= Manachanallur taluk =

Manachanallur taluk is a taluk of Tiruchirapalli district of the Indian state of Tamil Nadu. The headquarters of the taluk is the town of Manachanallur.

==Demographics==
According to the 2011 census, the taluk of Manachanallur had a population of 192,818 with 96,142 males and 96,676 females. There were 1006 women for every 1000 men. The taluk had a literacy rate of 74.64. Child population in the age group below 6 was 9,284 Males and 8,930 Females.

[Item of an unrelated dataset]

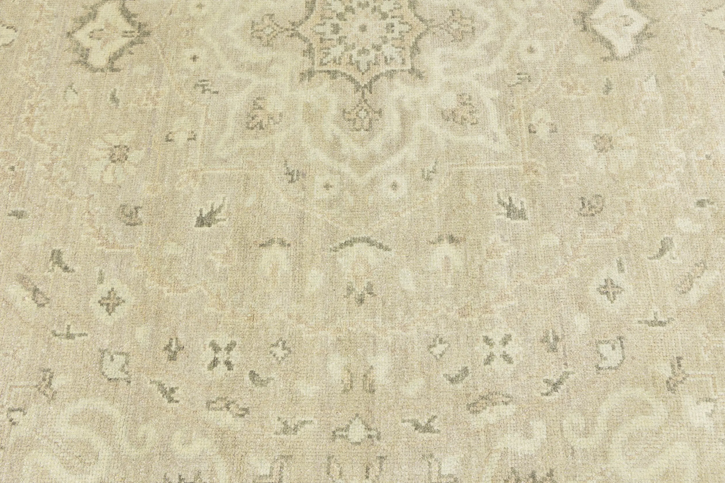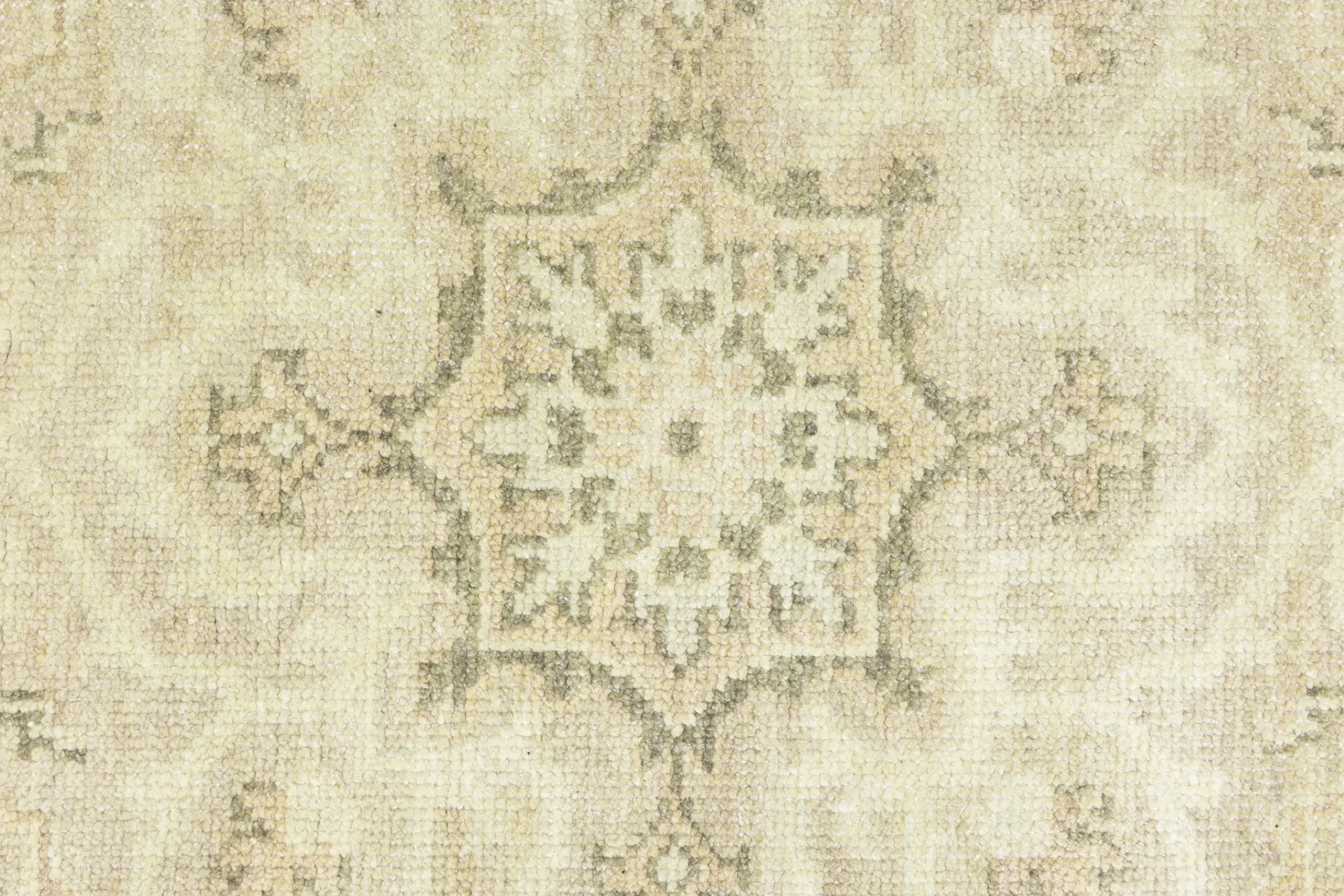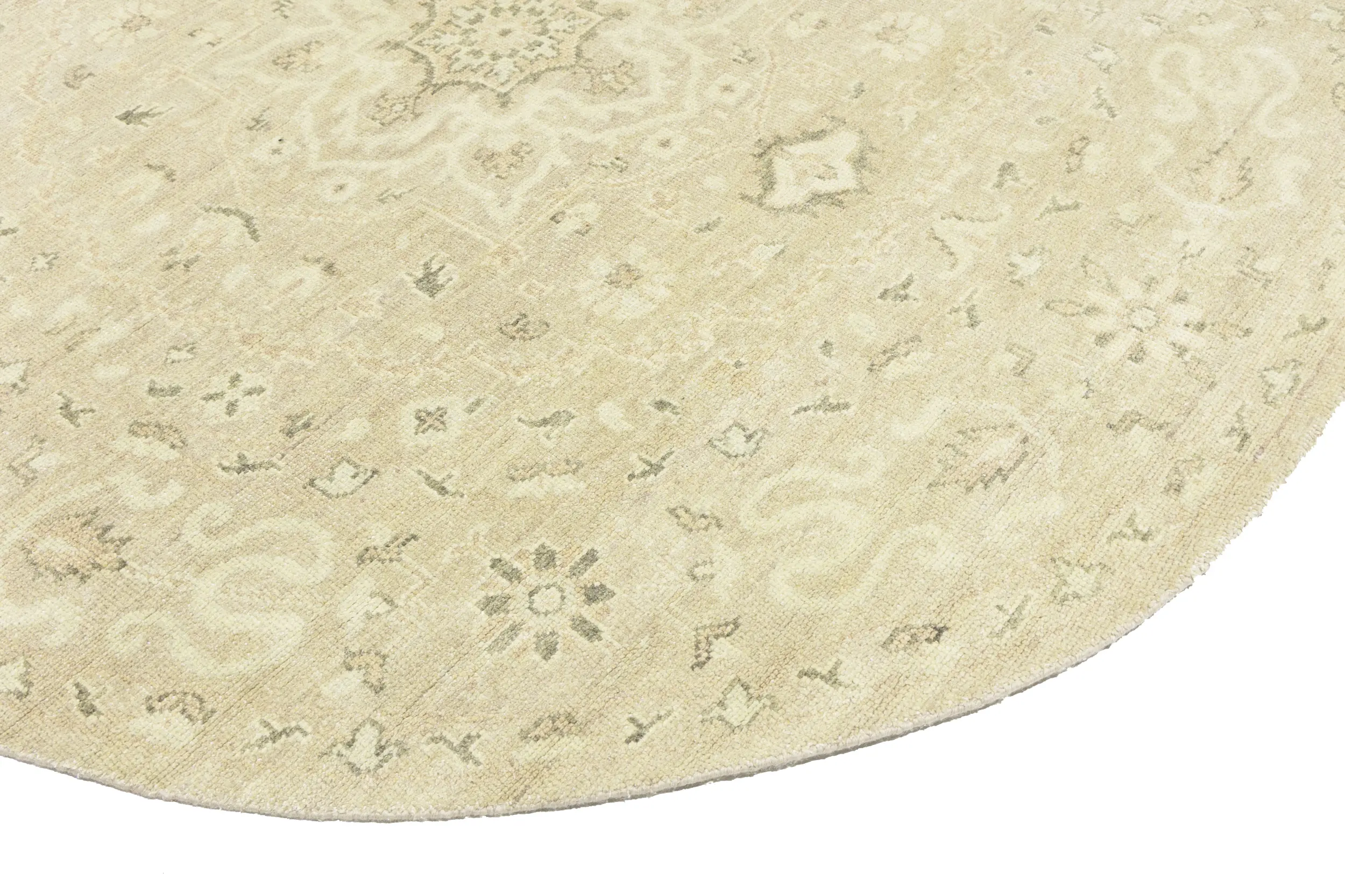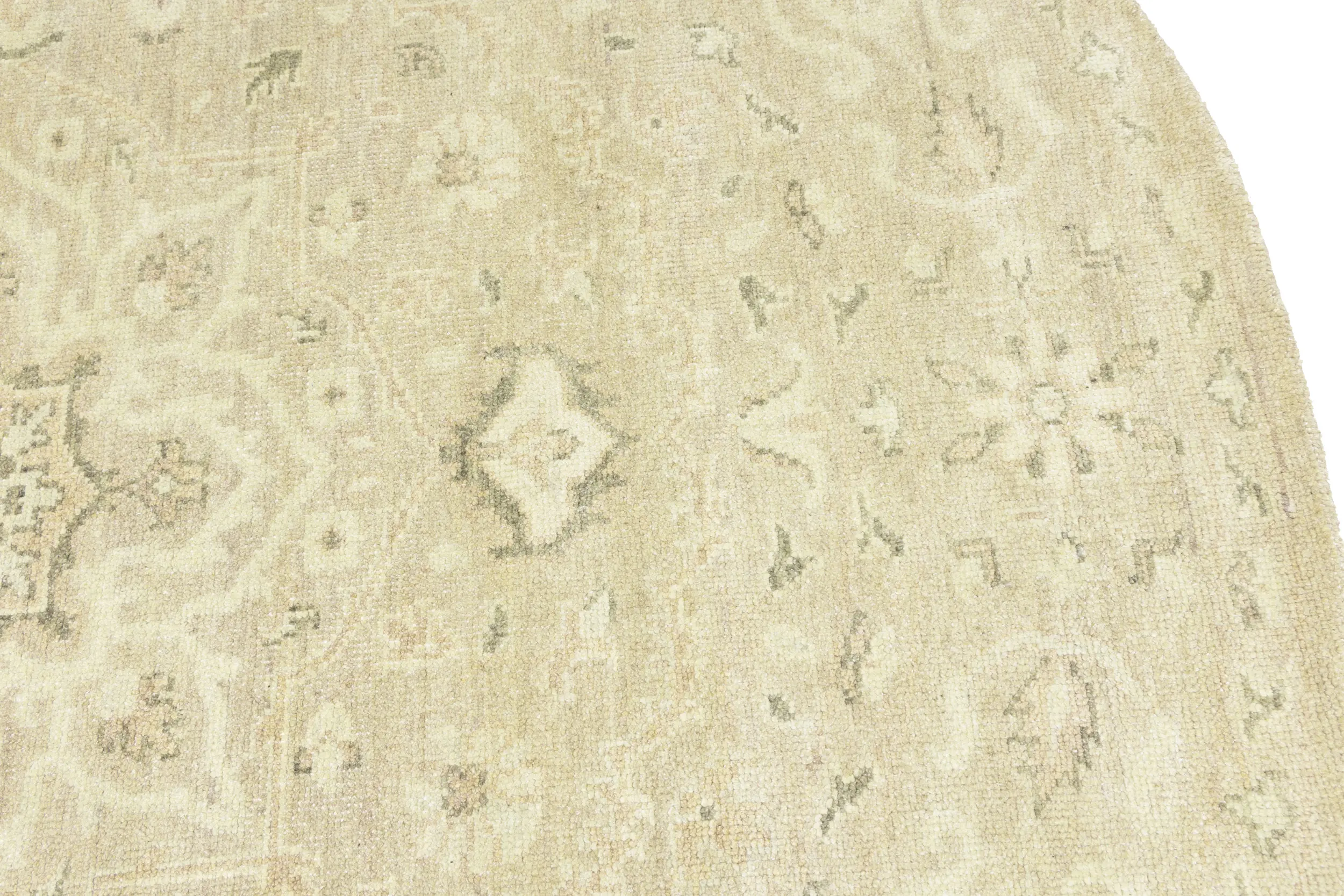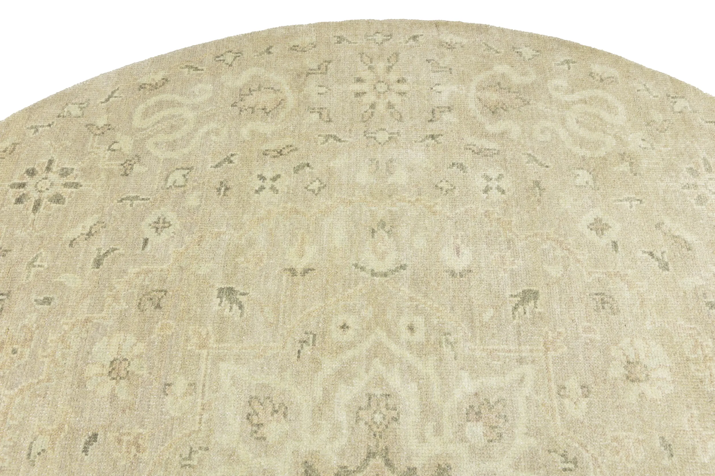 This genuine 8X8 beige new Oriental rug was made by the hands of gifted weavers inspired by a variety of spectacular artistic designs, to recreate the aged look of the original piece with a richness of color and ornately patterned background field. What set this vintage style Oriental area rug from the others are the material and dye used (wool pile and cotton foundation), knot count, ancient designs, fantastic grades, and its regional historical connection: it has deep roots, from the story of the people who produced it to the meaning of the symbols and colors displayed across its canvas that have been praised for centuries. This Indian home décor carpet will be completely cozy and inviting that never will go out of style! Also, this Oriental rug would be among your most valuable treasures, it is a great investment that accrues value over time, and it will last for generations because was woven with high-quality, all-natural wool. Environmentally friendly, opulent yet affordable; this rug will give you a thorough amount of character to help define your living space with elegance and warmth that will capture the eyes and attention of your audience (homeowners, designers, decorators, family and friends).

Its area istaluk is 36383.85 hectares and its villages are Perakambi, Seedevimangalam (North), Seedevimangalam (South), Shanamangalam, azhaiyur, Edumalai, Omandhur, Sirugudi, Valaiyur, Palaiyur, Thiruppattur, Siruganur, Konalai, Avaravelli, Thiruvallarai, Ayyampalayam, Ayikudi, Irungalur, Kallakkudi, S. Kannanoor (West), S. Kannanoor East), Samayapuram, Kalpalayam, Siruppathur, Thathamangalam, 94 Kariyamanickam, Rajampalayam, Poonampalayam, Theerampalayam, Thiruppangali (North), Thiruppangali (South), Solanganallur, Kariyamanickam (West), Kariyamanickam (East), Kariyamanickam (East), Killiyanallur (North), Killiyanallur (South), Killiyanallur, Melpathu, Thiruvasi, Kovathakudi, Alagiyamanavalam, Vengangudi, Koothur, Madavarperumalkovil, Pichandarkovil.